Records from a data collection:
--- START ---

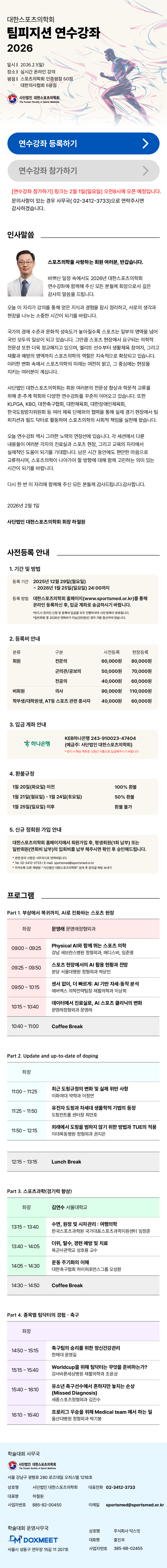 제목: [대한스포츠의학회] 2026 팀피지션 연수강좌 개최 안내
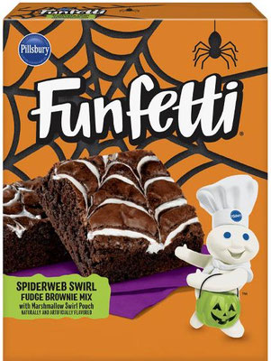 Halloween lovers might try Pillsbury's new Funfetti Spiderweb Swirl Fudge Brownie Mix.
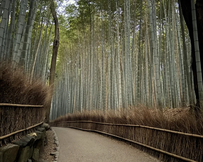 Ønsker du at opleve en anden side af Kyoto, kan du i stedet tage med offentlig transport mod vest til Arashiyama og besøge Tenryu-ji-templet med sin klassiske have og udsigt til de grønne bjerge. Her kan du også gå en tur gennem Arashiyamas berømte bambusskov, hvor høje bambusstammer danner grønne korridorer fyldt med lys og ro. Også værd at opleve er det charmerende Saga Toriimoto-kvarter med sine velbevarede huse og hyggelige stræder.
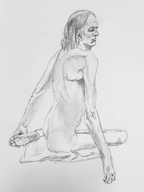 Full credit to the group’s organiser, Natansky, who posed nude for the first session to get a sense of how it could be for subsequent models. For this session she joined us at the set-up, but had to depart before our 7:30pm start – her regular artists would be running the show; deciding the pose lengths and keeping time. Many of us knew one another, so trust was already there. We began with poses of 5, 5, 10 and 20 minutes.
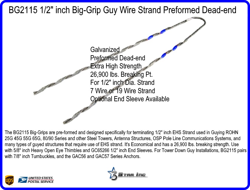 The BG2115 Big-Grips are pre-formed and designed specifically for terminating 1/2" inch EHS Strand used in Guying ROHN 25G 45G 55G 65G, 80/90 Series and other Steel Towers, Antenna Structures, OSP Pole Line Communications Systems, and many types of guyed structures that require use of EHS strand. It's Economical and has a 26,900 lbs. breaking strength. Use with 5/8" inch Heavy Open Eye Thimbles and GC65266 1/2" inch End Sleeves. For Tower Down Guy Installations, BG2115 pairs with 7/8" inch Turnbuckles, and the GAC56 and GAC57 Series Anchors.
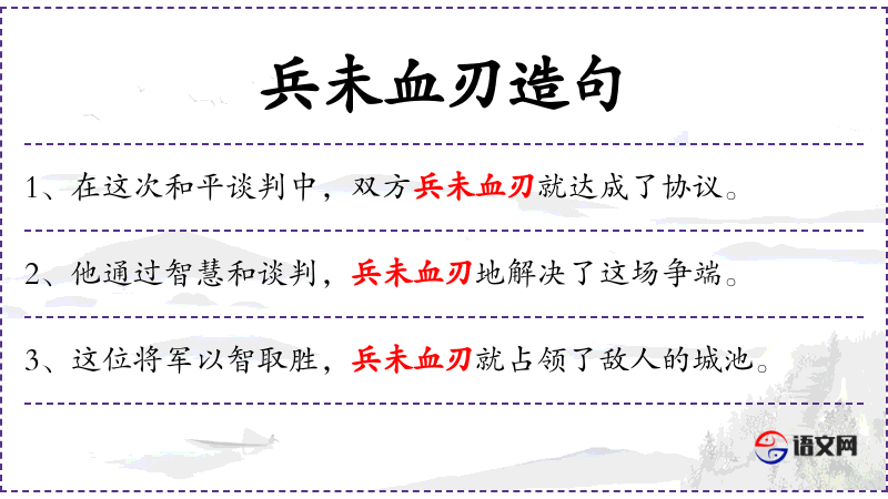 - 兵未血刃:这个成语源自**古代战争文化,强调智慧和策略胜过武力。
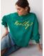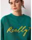 Green Graphic 'Really?' Slogan Crewneck Longsleeve Sweatshirt
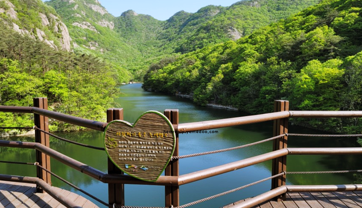 계곡 물은 맑게 흐르며 바위 모서리를 둥글게 깎아, 손끝에 닿는 냉기가 기분 좋은 기척을 남겼어요. 참나무 그늘 아래 잠시 앉아 있으니 새소리가 겹겹이 쌓여 숲의 낮을 만들어주었습니다. 전망터에 서면 숲의 결이 파도처럼 이어져 멀리까지 퍼지고, 마음속 창문이 넓게 열렸어요.
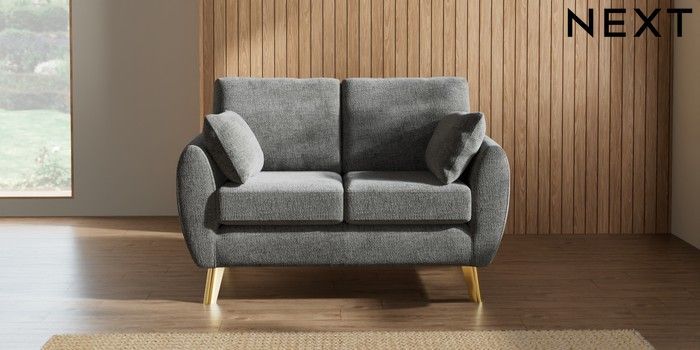 7.3.1 Buy Wilson 2 Seater Small Sofa Chunky Chenille Dark Grey Metal Tapered - Gold from the Seasons online shop Click here to use our website with more accessibility support, for example screen readers
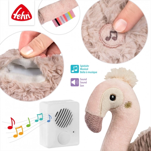 De roze flamingo is een zachte slaaphulp die rustgevende geluiden combineert met knuffelzacht pluche voor een kalme bedtijd voor baby’s. Dankzij de ingebouwde huilsensor reageert hij op de behoeften van het kind en biedt hij ook ’s nachts zachte geruststelling. De uitneembare elektronische module maakt eenvoudig onderhoud van de knuffel mogelijk.
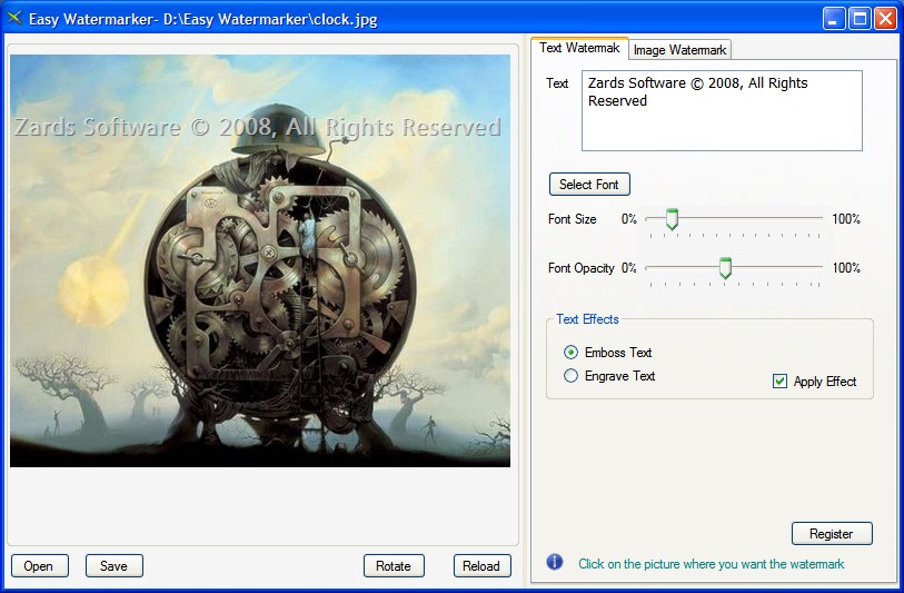 Easy Watermarker je nástroj, který slouží pro přidávání vodotisku v podobě textu, obrázku či loga na libovolný obrázek, který je chrání například před neoprávněnou distribucí. Vodoznak lze libovolně umístit nebo také různě natočit. Podporuje dávkové zpracování.
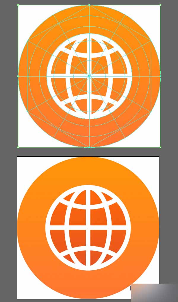 添加一个更小的深橘色 (#e45221)圆并且藏在球形形状的后面,给予更多的对比。
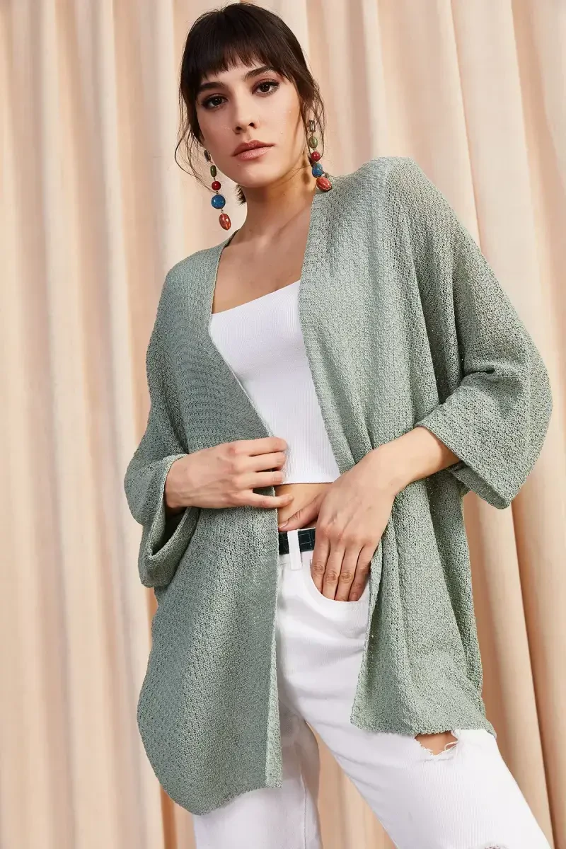 Женский весенний кардиган "Летучая мышь" цвета морской волны HRK-19000057-SU YEŞİLİ — отличный вариант, который согреет вас от прохладного весеннего бриза и позволит вам не жертвовать своей элегантностью. Этот кардиган особого дизайна удобен в носке благодаря современному крою рукавов "летучая мышь", а также добавляет оригинальности вашему стилю. Цвет морской волны отражает свежесть и жизненную силу природы, привнося свежую атмосферу в ваш гардероб. Этот кардиган, который можно легко использовать в повседневных сочетаниях или на специальных мероприятиях, подчеркнет вашу элегантность в любой обстановке. Фактура кардигана мягкая и легкая благодаря 100% акриловому составу. Таким образом, он обеспечивает комфорт в течение всего дня. Акриловый материал также позволяет кардигану легко сохранять свою форму и быть долговечным. Крой рукавов "летучая мышь" создает современный силуэт, не ограничивая свободу движений. Оттенок морской волны легко сочетается с разными цветами и позволяет добавить индивидуальности вашему стилю. Этот кардиган не только обеспечивает стильный внешний вид, но и обеспечивает практичное использование. Благодаря своей легкой конструкции его легко носить с собой, и вы можете иметь его при себе, когда вам это нужно. В офисе, в путешествии или на отдыхе на свежем воздухе этот кардиган согреет вас и дополнит ваш стиль. Размер S/36 на модели показывает, что кардиган подходит для разных размеров. Женский весенний кардиган "Летучая мышь" цвета морской волны HRK-19000057-SU YEŞİLİ имеет все шансы стать незаменимой частью вашего гардероба. Этот кардиган, который благодаря своему удобному и стильному дизайну привлечет к вам внимание в любой обстановке, является идеальным выбором для тех, кто хочет добавить оригинальности своему стилю. Вы можете выбрать этот кардиган, чтобы изменить ситуацию как в повседневной жизни, так и в особых случаях.
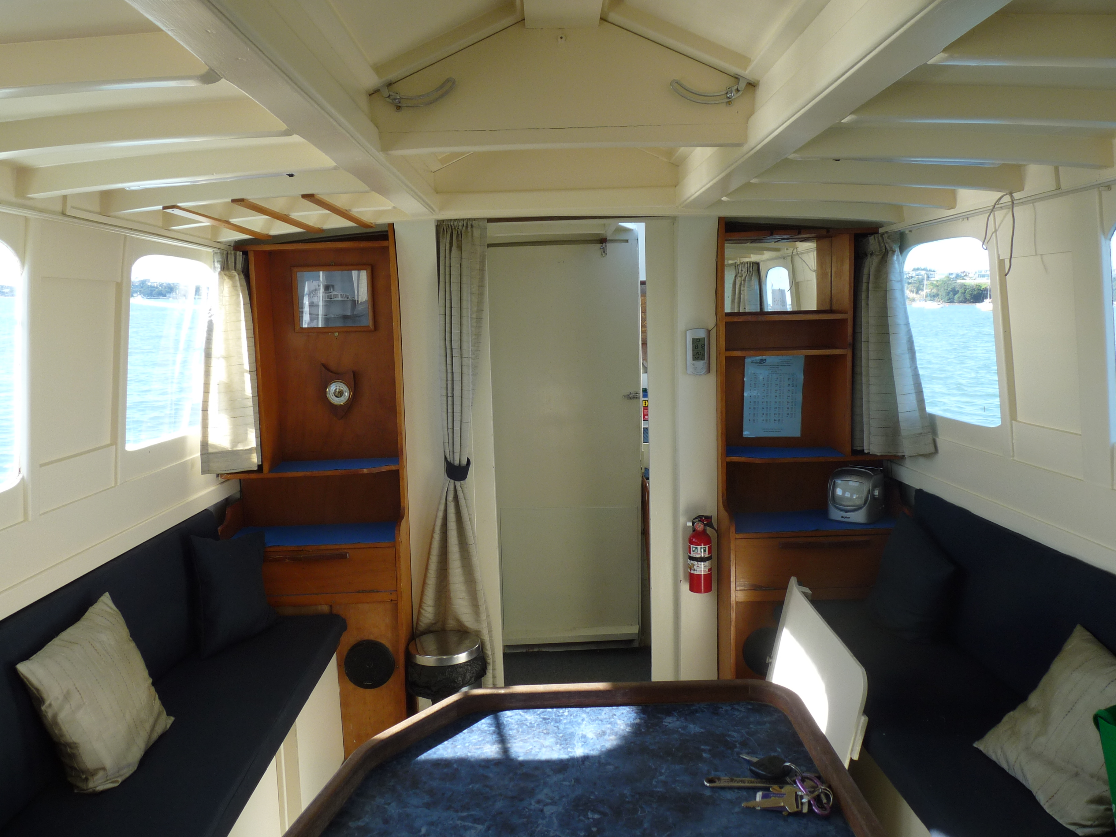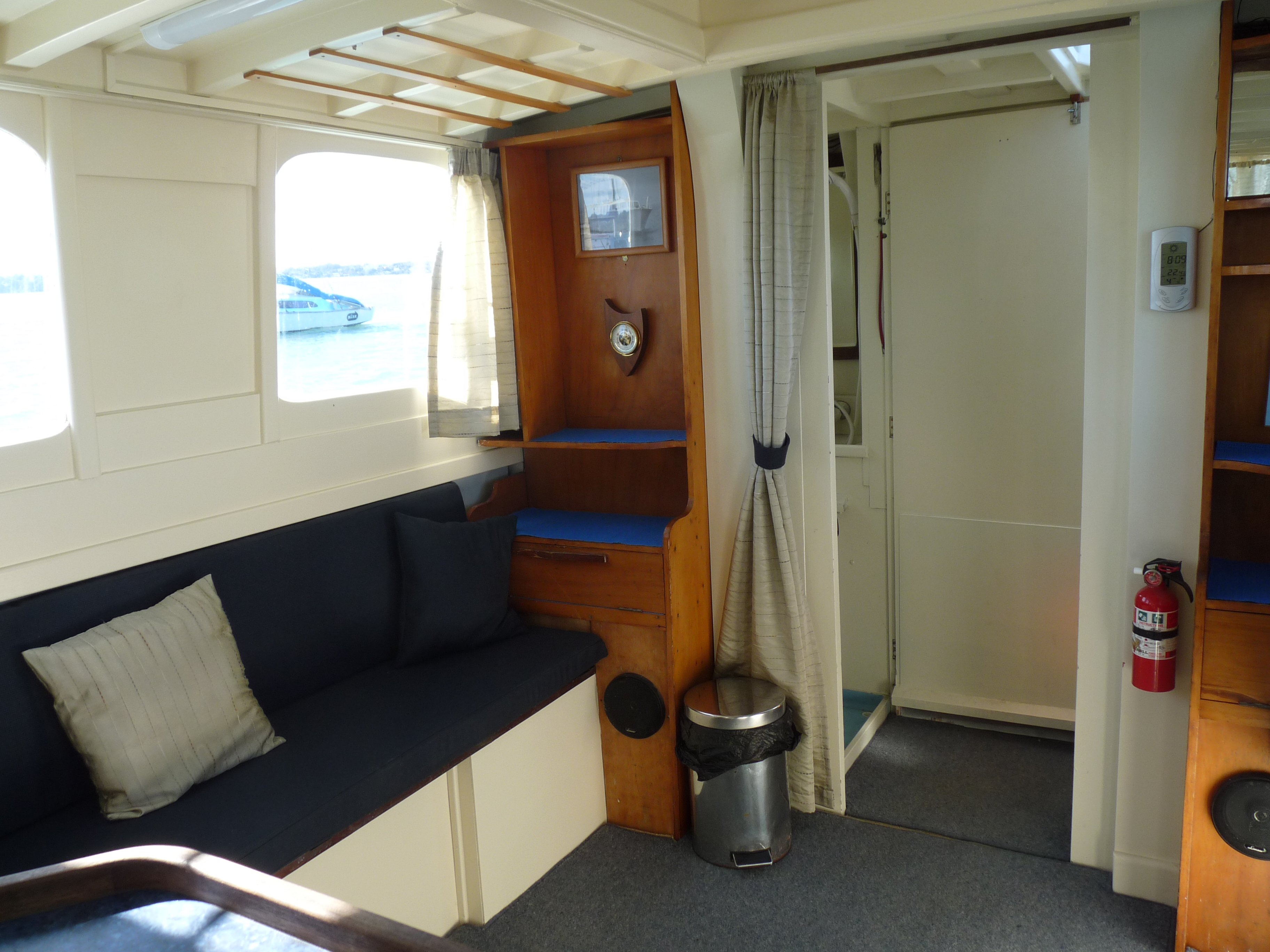 The BEL AIR was moored at Okahu Bay, in the later 40s & early 50s, just off the end of the fuel jetty looking out to sea, to the left hand side,& right in front, & quite close in, to where the Royal Akarana Yacht Club Building now stands. — (it was not built then). –She had fawn/cream painted coamings at that time, but otherwise is more or less as I remember her,

--- END ---

**What this task involves**:
An exact printout of the entries is wanted, covering the first line through the line holding "Halloween lovers might", with pictures kept out of it.

**Solution**:
 제목: [대한스포츠의학회] 2026 팀피지션 연수강좌 개최 안내
 Halloween lovers might try Pillsbury's new Funfetti Spiderweb Swirl Fudge Brownie Mix.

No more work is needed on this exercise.